Interest Rate Roundup

Tuesday, October 07, 2008

The latest on LIBOR, rate cuts, and other efforts to fight the credit crisis

It's a busy day on the global markets front. So let's get right to the news ...

* U.S. dollar LIBOR rates generally rose again, with 3-month LIBOR up 3 basis points to 4.32%. That is just shy of last Friday's cycle high of 4.33%. Overnight LIBOR jumped to 3.94% from 2.37%, though that is still below the cycle peak of 6.88% on 9/30. 6-month LIBOR, for its part, dipped to 4.02% from 4.05%. The TED spread, another indicator of credit market stress, is slightly below its recent peak -- 3.72% as I write versus a 10/3 high of 3.87%. Two-year swap spreads are down to 136 bps or so, versus a recent peak of 167 on 10/2.

* In the overseas markets, Australia's central bank lopped a full percentage point off its benchmark short-term interest rate. The Reserve Bank of Australia's cash rate target dropped to 6% from 7%, the biggest cut since 1992. In the U.K., the Bank of England announced it will hold dollar loan auctions to help ease market stress. Policymakers there are also discussing injecting $79 billion into leading U.K. banks. Meanwhile, in Europe, the European Central Bank lent a whopping $339 billion to banks in its latest weekly auction, the most since December 2007.

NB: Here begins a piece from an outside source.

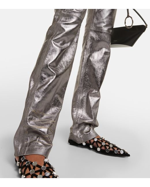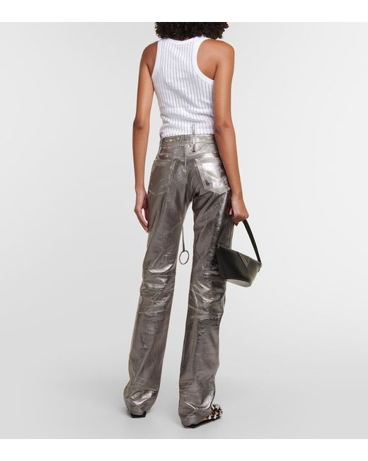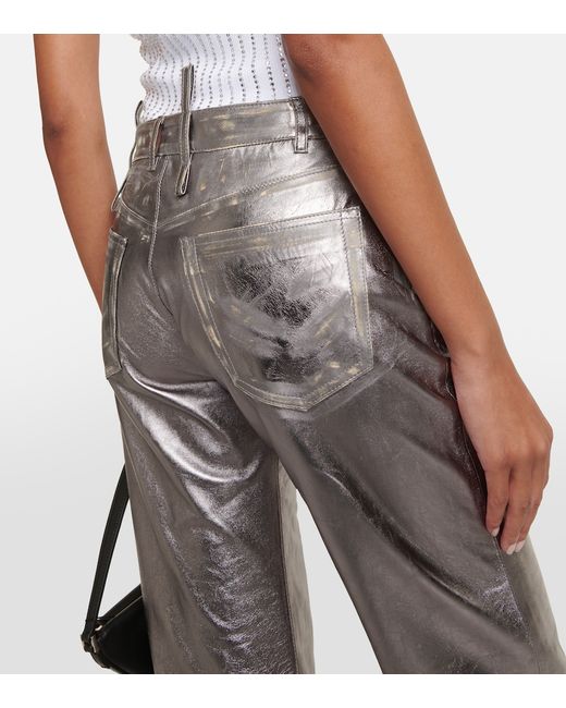 Material: 100% lamb leather. Care instructions: specialist clean. Made in Romania. Designer color name: Silver. Lining: 100% viscose. Closure: concealed button placket. Pockets: five pockets.

* And of course, the speculation here is that the Federal Reserve will come riding to the rescue with another big interest rate cut. The funds rate target is currently 2%, down from 5.25% last summer before the credit crisis got underway. It might come too late for Iceland, where the government is trying to get more than $5 billion in loans from Russia to save itself ... and where the government just had to seize Landsbanki Islands hf, the country's second-largest bank.